Зима на «Св. Анне» прошла тяжко. Больше всех болел сам Брусилов. К тому же у него был нервный, капризный характер.
Весной судну не удалось освободиться изо льдов. Его уносило все дальше от берега. Во время второй зимовки Брусилов поссорился со своим заместителем — штурманом Альбановым и отстранил его от работы.
На маленьком судне трудно жить годами вместе людям, даже если они уважают друг друга. Если же они в ссоре да еще вынуждены находиться в одном помещении несколько лет, жизнь становится невозможной.
И когда судно тащило мимо Земли Франца-Иосифа, штурман Альбанов решил покинуть борт «Св. Анны», хотя и понимал, что это безумная затея.
23 апреля 1914 года вместе с ним ушла почти вся команда — четырнадцать человек. Четырнадцать ослабленных болезнями и голодом людей, без собак, с плохим снаряжением и почти без продовольствия.
До берега было сто двадцать километров тяжелого пути. Через три дня трое повернули назад и погибли.
А одиннадцать человек скоро выбились из сил и отказывались идти дальше. Они хотели умереть здесь, на льду, спокойно и без мучений. Альбанов силой заставлял их двигаться вперед.
Он думал об одном — как спасти людей и копию вахтенного журнала, взятую со «Св. Анны».
Только через два с половиной месяца, 8 июля, люди, уже потерявшие надежду, добрались до земли.
Теперь надо было идти вдоль берега к мысу Флора. На этом участке пути погибло большинство людей. Двое умерли, остальные пропали без вести.
Лишь Альбанов и матрос Конрад добрались до мыса Флора.

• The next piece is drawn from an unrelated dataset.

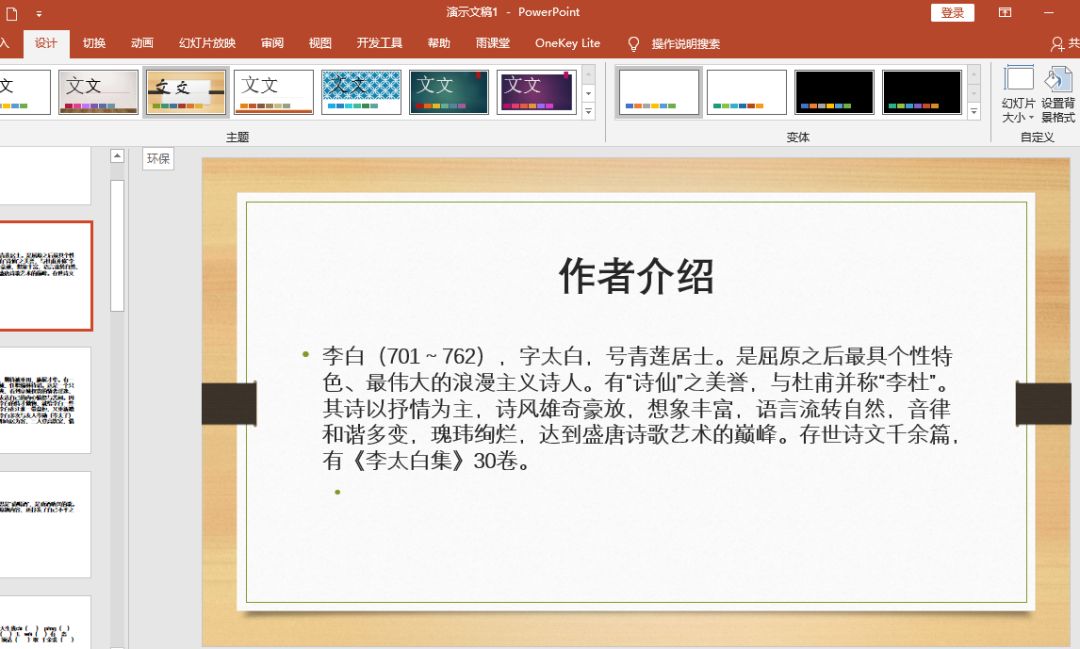 在PPT的【设计】选项卡中,选择一个模板,你的PPT就快速实现美化了。

Несколько дней они еще по очереди дежурили на берегу, всматривались в море, ждали, что кто-нибудь из их людей найдется. Но больше никто не пришел.

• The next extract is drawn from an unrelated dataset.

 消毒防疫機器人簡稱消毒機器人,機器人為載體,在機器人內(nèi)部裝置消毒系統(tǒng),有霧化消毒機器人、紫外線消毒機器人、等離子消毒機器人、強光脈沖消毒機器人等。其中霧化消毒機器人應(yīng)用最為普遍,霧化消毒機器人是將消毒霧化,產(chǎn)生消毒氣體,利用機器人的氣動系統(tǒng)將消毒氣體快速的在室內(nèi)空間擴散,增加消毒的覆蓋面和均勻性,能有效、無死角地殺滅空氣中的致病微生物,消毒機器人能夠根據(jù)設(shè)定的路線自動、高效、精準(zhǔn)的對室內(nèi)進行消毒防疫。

На мысе Флора был дом, продукты и плавник, годящийся на дрова.
Можно было жить и ждать судно. Но сколько времени ждать — неизвестно. Может быть, год, может быть, пять лет.
И неожиданно на одиннадцатый день их ожидания показалось судно. Это был «Св. Фока», потерявший своего капитана Седова. Судно с больной, изнуренной командой.
Альбанов и Конрад были спасены. На родину они принесли копию всех записей, которые делались на «Св. Анне».
Об этом походе Альбанов написал книгу «Между жизнью и смертью».
Следов «Св. Анны» никто никогда не видел. Видимо, она погибла во льдах.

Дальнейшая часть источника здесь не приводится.